What Type of a Urinator Are you?

How do you hang your Kula Cloth?
hand-foraged display branch
scotch tape
lay it on the floor
3M hook
How do you feel about Creepy Victorian Cats?
What?
Obsessed.
Sitting at a small altar I built for a photograph of a Creepy Victorian Cat and about to make one of 20 daily dedications to a cat effigy.
I put the sticker on my water bottle.
If you see somebody with a Kula, what would you do?
Laugh in their face. What a fool.
Hug them. Instant friends.
Propose marriage, immediately and without question.
Ask them if they have any Creepy Victorian Cat swag.
You have to pee while hiking on the trail... do you....
Feel excited because you get to use your Kula.
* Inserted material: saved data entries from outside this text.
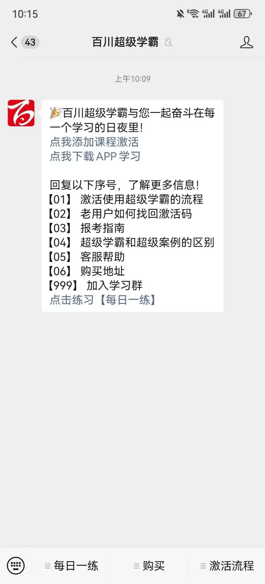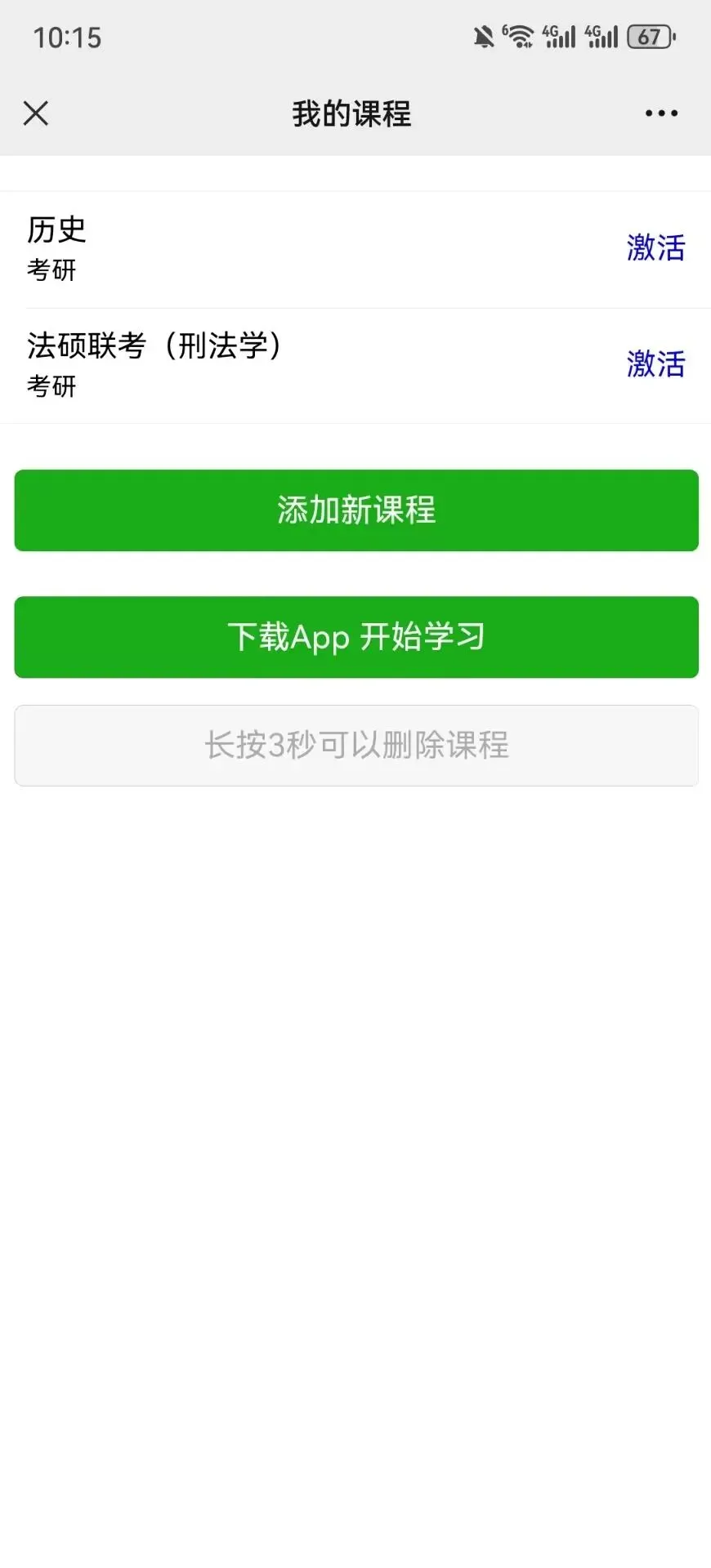在公众号右下角点击“添加课程”,选择你需要学习的考试课程(添加即可,不需要激活)。
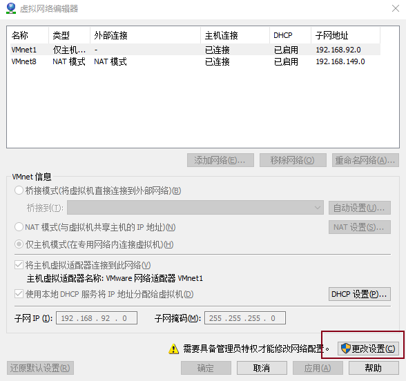 1、"编辑: -> "虚拟网络编辑器"(先关闭所有虚拟机运行的主机),点击“更改设置”。
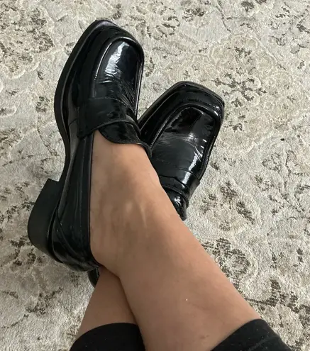 Stylish, low heel, sleek black patent leather loafers. Perfect for any occasion, these shoes offer b... Show more
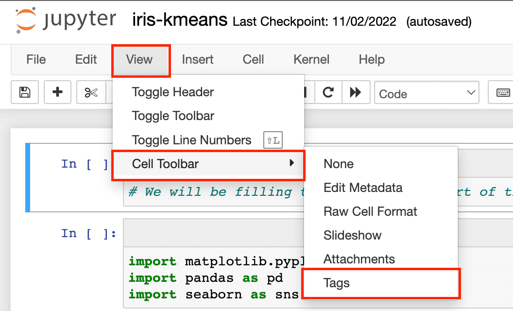 1. In Jupyter, navigate to View > Cell Toolbar > Tags:
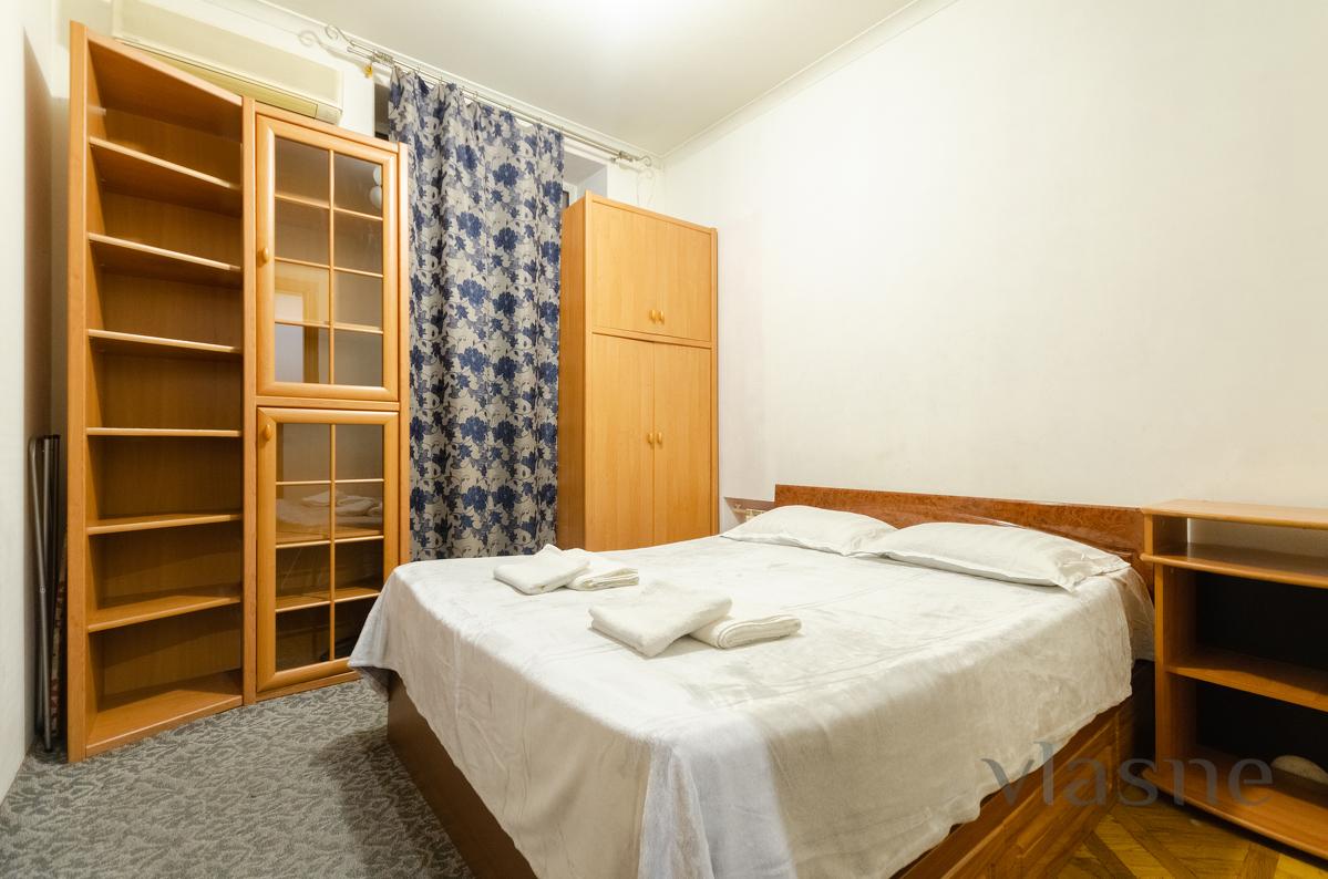 The apartment is decorated in rich light colors with rich elements and laconic wooden furniture. In the middle there is a kitchen, a living room, 2 bedrooms and a bathroom. The kitchen is small, but light and very quiet, it contains all the necessary furniture and appliances for comfortable living: a kitchen counter with a work surface and a sink, a refrigerator, a stove with an oven, a microwave oven a stove, an electric kettle and a folding table with chairs. The living room is painted in light gray tones with two accent walls in a violet color. The living room has all the necessary furniture for a quiet and relaxing time: a sofa, a sideboard, a large chest of drawers, a table and a coffee table. The first bedroom is decorated in pastel colors with creative colors and comfortable furniture. For your convenience, the room has all the necessary furniture, including: a double bed with an orthopedic mattress, bedside tables, a large wardrobe with a tall mirror. Wardrobes and bedside tables are made in light turquoise shades. The other bedroom is bright in pastel and natural colors with all the necessary furniture for a comfortable stay: a double bed with an orthopedic mattress, bedside tables, a wardrobe, a sideboard and a bookcase. Sanvuzol has a bathtub, in the middle there is also a sink with a bedside table and a mirror. Forever pure white and fresh towels. The apartment has WI-FI and the most necessary household appliances: air conditioner and TV. Availability of renting an apartment on weekends - check with the manager. For quick reservations, call at any time!
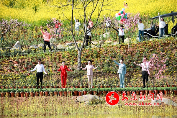 春日的水田溝村生機勃發,漫山的油菜花在暖陽下爭相怒放,山坡下是一汪清澈的湖水。活動依山就勢、水陸并用,將演員、舞臺、道具與水田溝村地形地貌完美融合,營造出“人在畫中游,畫在景中走”的和美景象。隨著原創歌曲《水田溝的油菜花》悠揚動聽的歌聲從湖面的小船傳來,活動正式拉開帷幕,獨唱《問春》、情景詩朗誦《母親河》、歌伴舞《醉美桃花源》、情景劇《桃花源記》、漢劇歌舞《喬木花》、原創歌曲《阿依娜》、歌伴舞《幸福安康》等精彩節目相繼上演,悠揚的歌聲、曼妙的舞姿在湖上、在油菜花田、在蜿蜒的山路漸次呈現,將現場觀眾和游客迅速帶入安康桃花源美麗夢幻的油菜花海世界,沉浸式感受安康高新區產城綠融合發展和鄉村振興的顯著成效。
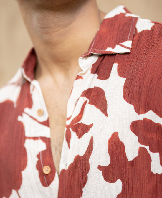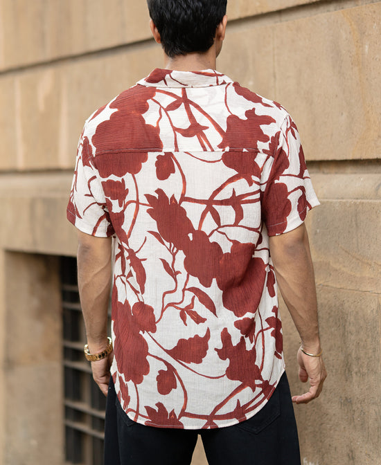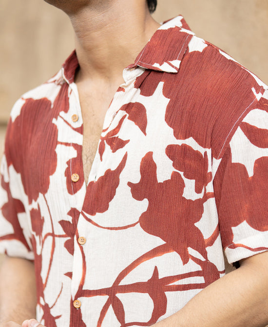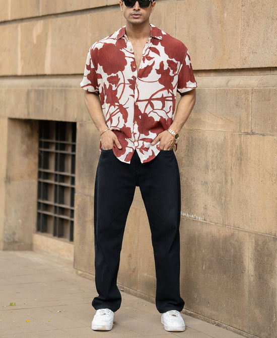 Whenever you're in the mood to paint the world abstract while keeping comfort close, reach for the Rust Floral Crinkled Print Shirt. With its spread collar, thoughtfully placed prints, and just-right hem, this shirt brings a laid-back charm through its soft texture and lived-in crinkle. The earthy floral pattern adds a playful yet grounded flair to your modern expressions—always a go-to when you want to stand out without trying too hard.
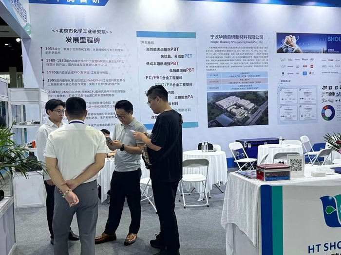 兩次展會上,在華騰首研展位,工程塑料行業專家和客戶紛紛駐足,他們圍繞材料研發、終端應用等方面與公司人員展開交流。華騰首研則聚焦客戶需求,積極提供定制化解決方案,并尋求多方合作,加速自身技術迭代,提升生產服務效能。
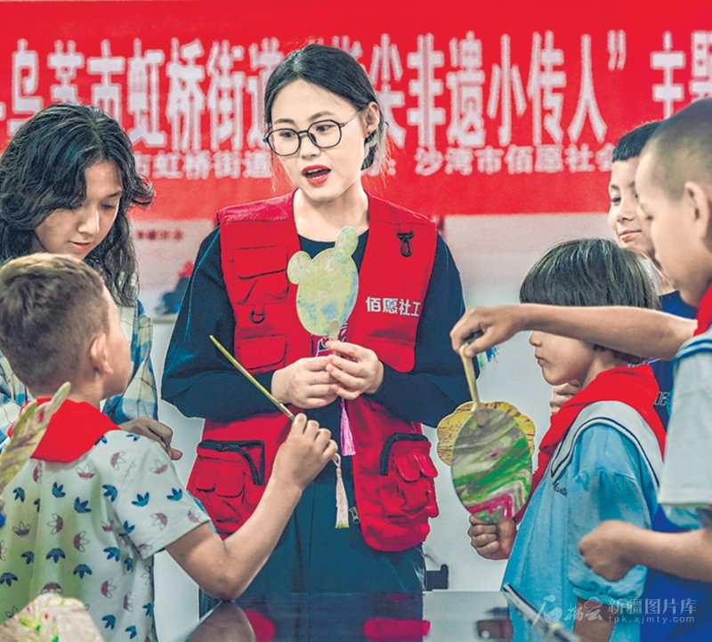 7月29日,乌苏市虹桥街道解放路社区工作人员为学生讲解扇艺文化。暑假期间,该街道开展“指尖非遗小传人”主题活动,让学生们在动手实践中感受非物质文化遗产的独特魅力。□李仁锡摄
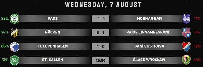 Домашні перемоги здобули Копенгаген (Данія), Пакш (Угорщина), Санкт-Галлен (Швейцарія).
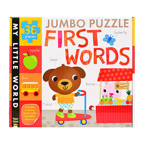 商品內容包括一個36片地板拼圖以及一本可重複黏貼的趣味貼紙書。
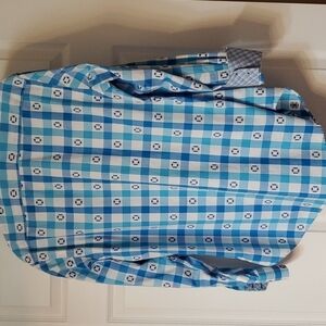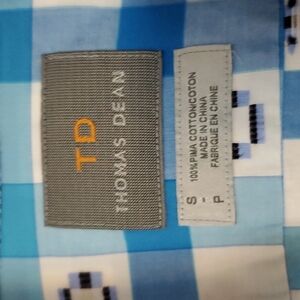 Thomas Dean blue plaid 100% cotton LS button down size small
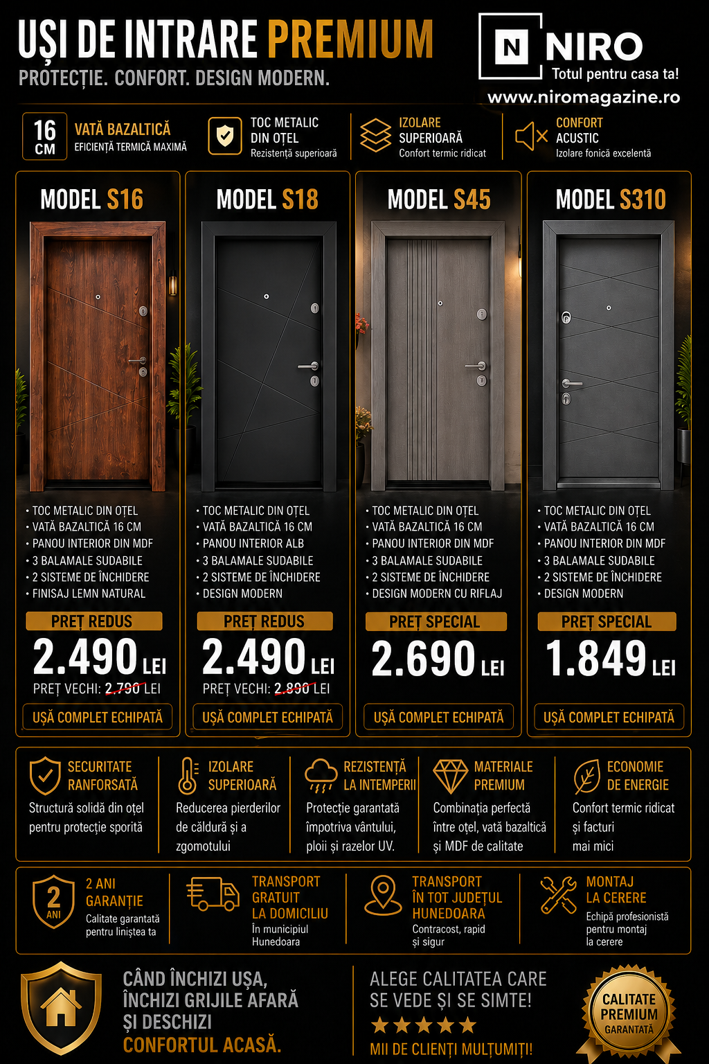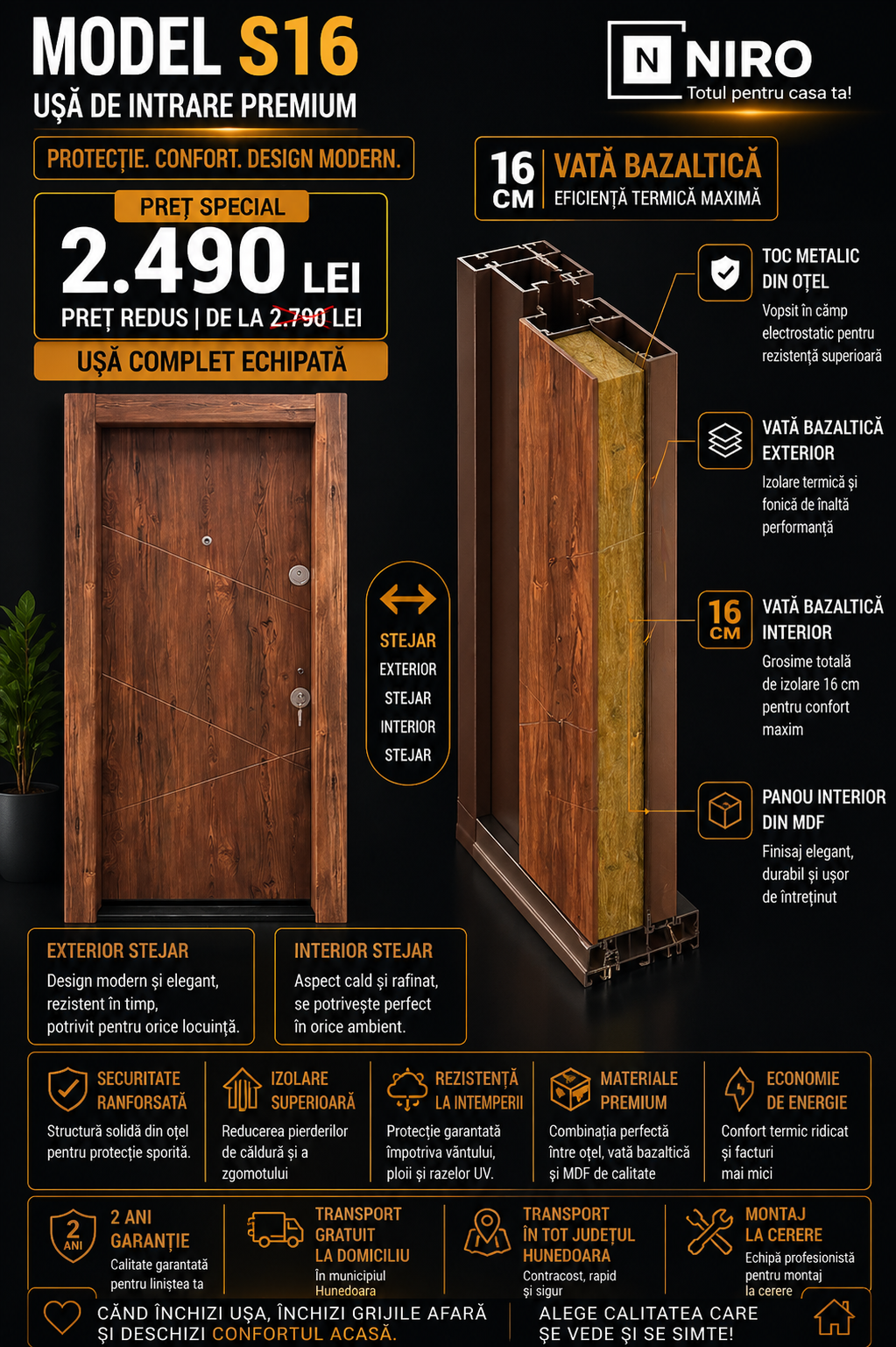 Pentru un apartament elegant și bine protejat, vă prezentăm noul model exclusiv de ușă de intrare din gama premium, cu toc îmbrăcat. Această ușă combină perfect designul modern cu funcționalitatea avansată. Cu dimensiuni standard de 85x202 cm, este dedicată apartamentelor și se integrează perfect în orice spațiu modern. Inserțiile rafinate din PVC imitație lemn adaugă un plus de stil, în timp ce izolația termică și fonică, realizată cu vată bazaltică de 25 cm, oferă un confort excepțional, reducând zgomotul exterior și menținând temperatura optimă.
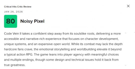 《噬血代码2》自信地迈出了远离类魂系根源的一步,带来了一种更易上手、叙事比重更高的游戏体验,重点放在角色塑造、独特系统以及更加广阔的开放世界上。尽管其战斗深度可能无法完全满足硬核玩家的期待,但情感充沛的叙事方式与扎实的世界观构建,使其整体表现超越了一般的动作RPG。本作强调玩家自主性,通过具有分量的选择与多重结局增强代入感,不过部分设计与技术层面的问题,也让它距离真正的“伟大之作”仍差临门一脚。
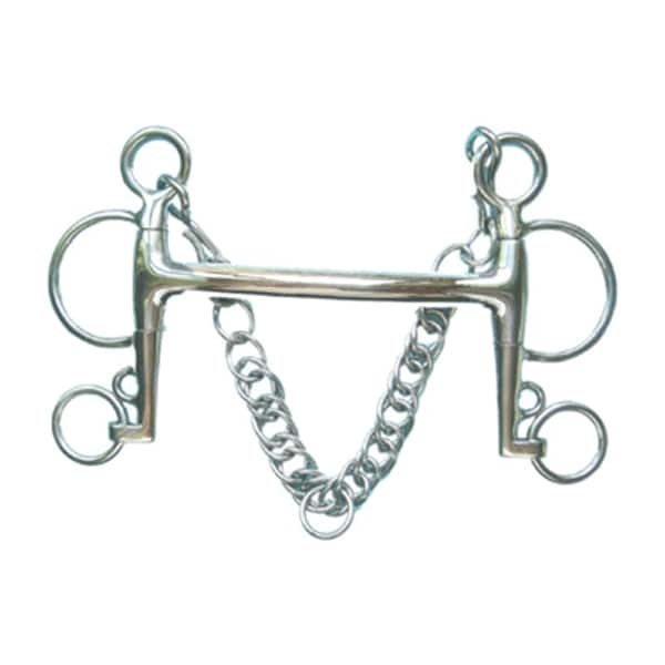 Stainless steel Pelham Bit with cheek length of 5" or 125mm, a Mullen Mouth with thickness of 14mm and 2-1/4" arm with curb chain.

Pee in front of a group of people with no shame.
Hold it until you find the perfect spot - a combination of picturesque scenery and flat earth with little to no chance of spashback.
I will never pee unless I am sitting on a toilet made of 24k gold and encrusted with priceless gems.
What is your home like?
Which home? The 6 vacation homes that I own in the Turks and Caicos or my 10,000 sq ft summer cottage in the Hamptons? Please be more specific.
I live in an apartment, which has not been ideal for the dance experiment. I think I'm about to be evicted.
Home is where the heart is.
Don't ask me personal information like this.
You are getting dressed for a hike. What are you wearing?
Leggings that I pulled out of the dirty clothes bin and a shirt I found on the ground crumpled in a heap. I forget boots, so I hike in crocs.
Louis Vuitton and I are best friends, so he made me a custom hiking outfit. I really do prefer to hike in stilettoes..
I look like I walked out of the page of an REI catalog, except the more realistic catalog where everybody looks like they are miserable while hiking - because nobody is nearly as happy as they show in that catalog.
I refuse to hike until Kula Cloth releases a pair of those Creepy Victorian Cat Pants. Until then, I will wear only a thong in silent protest.
You get to hang out with one of the Kula sisters for a day. Which one will you choose?
Anastasia. She's obviously really hilarious and also shockingly good looking.
Anastasia. Wow. What can I say? I'm a little bit obsessed with her. Can I say that she's brilliant?
Anastasia. When I think about the people in this world who have made the largest contribution to the history of the universe, she's up there on the top of the list. Have you seen her dance?
Anastasia. Unreal personality and stunningly gorgeous.
Mare invites you to hang out with her. What do you suggest as an activity?
Netflix and chill, except literally with the chilling and not with 'chill' as a secret code word for hooking up.
Making content for Kula's instagram. There is nothing more exciting sounding than producing instagram content for the most unhinged fuckery train wreck of a social media account on the interwebs.
Stare into her eyes and see if it makes you feel more alive.
Wear formal attire and ride around in the back of a limo all day long while Mare serenades you with her recorder.
You are lost in the woods. What do you do?
Use the reflective thread on your Kula Cloth to summon a rescue. If you hold it at the right angle, it might pick up a signal.
Eat all your food and drink your water immediately. It's important to shed that extra weight that you are carrying so that you can be more nimble.
Immediately start figuring out a new skincare regimen using all natural materials. Exfoliation is going to be key over the next few days so that your skin does not get dull.
Look for that ancient spider in the cluster of amethyst crystals in the secret mountain lair. If there's a way out of here, that spider will know.
Pick the closest match to your perfect day.
Laying on the beach, nude, drinking a fruity beverage and then later realizing that it's a dream.
Dancing all day on a zoom call.
Scrolling through the Kula Cloth Instagram and literally reading every single post they've ever done, even the ones from way back in the day that were really a bit lackluster, if I'm being honest with myself.
Scouring the internet for a pair of victorian pajamas that you can wear.